EXERCISE DIRECTIONS
Output only the lines that run from the line holding "跨境斜肩运动内衣个性跑步健身舞蹈美背裸感抗菌瑜伽文胸防震内搭" to the end of the data below, including both ends, without any pictures.

[[ DATASET EXTRACT open ]]

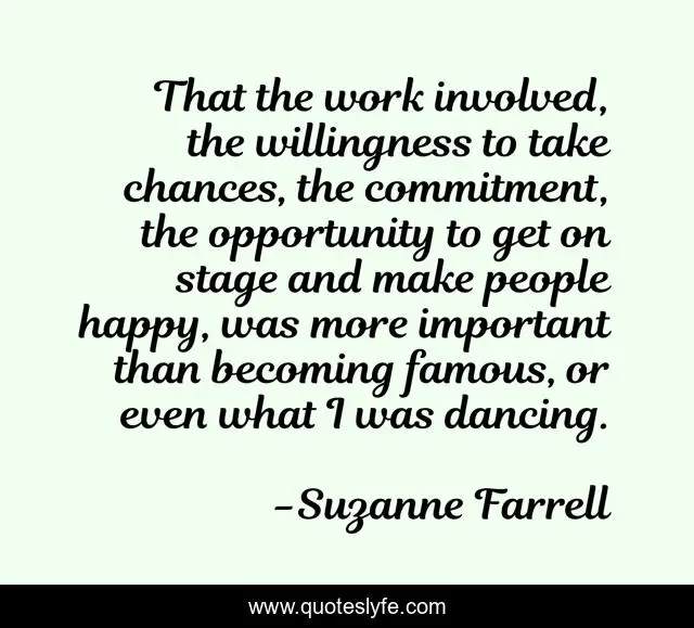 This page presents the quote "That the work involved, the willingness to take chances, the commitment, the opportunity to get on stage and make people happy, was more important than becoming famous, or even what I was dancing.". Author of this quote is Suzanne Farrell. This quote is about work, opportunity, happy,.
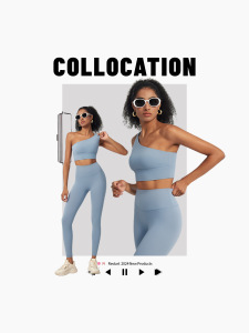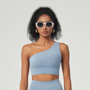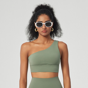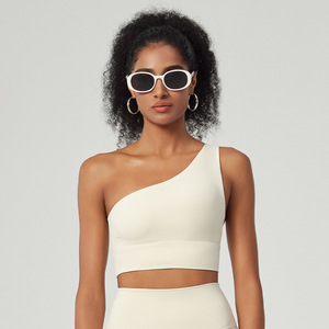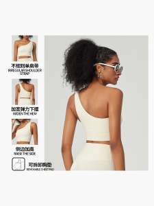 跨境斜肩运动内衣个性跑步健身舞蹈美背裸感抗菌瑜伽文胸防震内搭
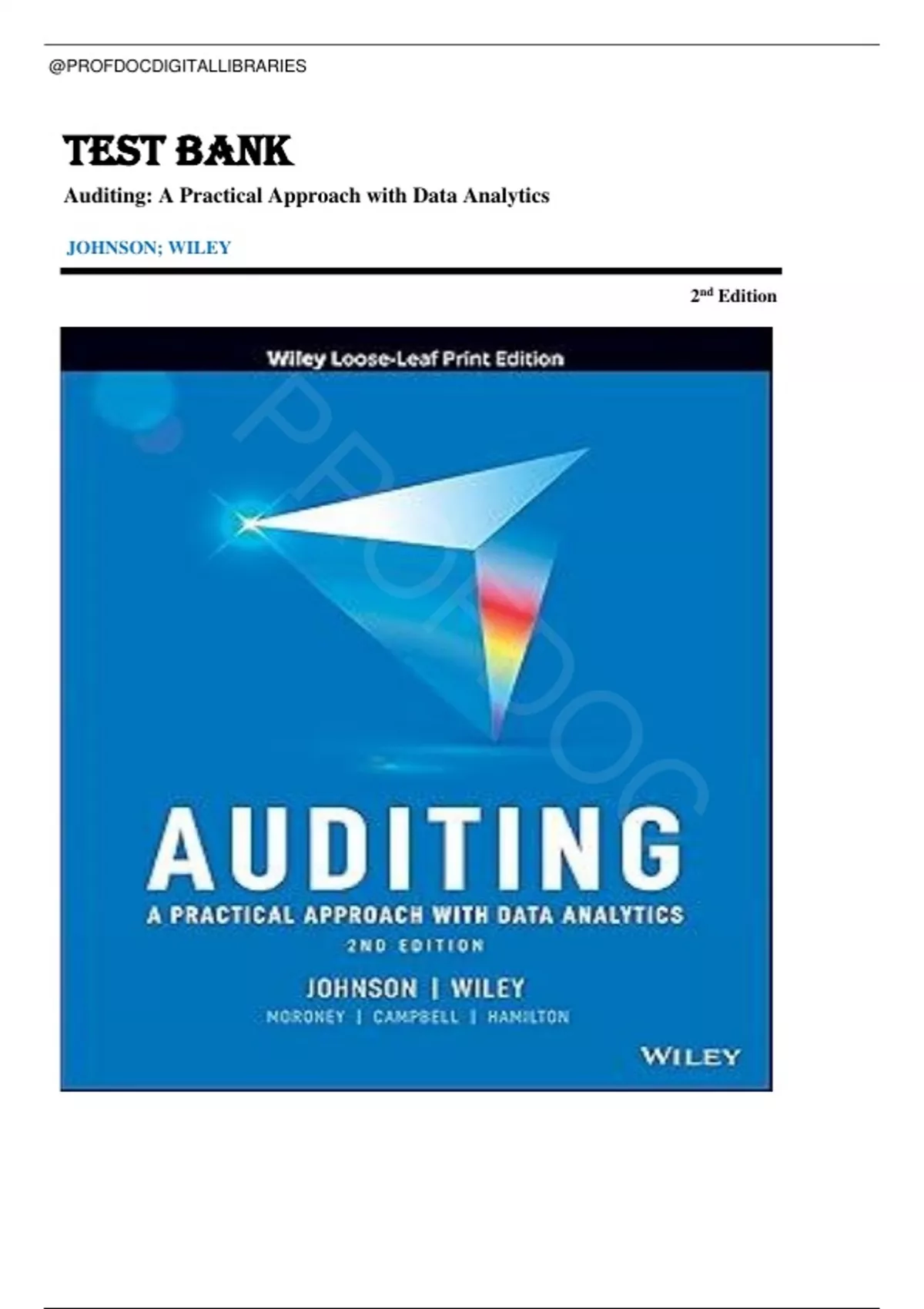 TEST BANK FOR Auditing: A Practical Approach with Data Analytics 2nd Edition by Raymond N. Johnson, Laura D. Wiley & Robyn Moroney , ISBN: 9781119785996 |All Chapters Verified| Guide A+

[[ DATASET EXTRACT closed ]]

REPLY TO THE TASK
 跨境斜肩运动内衣个性跑步健身舞蹈美背裸感抗菌瑜伽文胸防震内搭
 TEST BANK FOR Auditing: A Practical Approach with Data Analytics 2nd Edition by Raymond N. Johnson, Laura D. Wiley & Robyn Moroney , ISBN: 9781119785996 |All Chapters Verified| Guide A+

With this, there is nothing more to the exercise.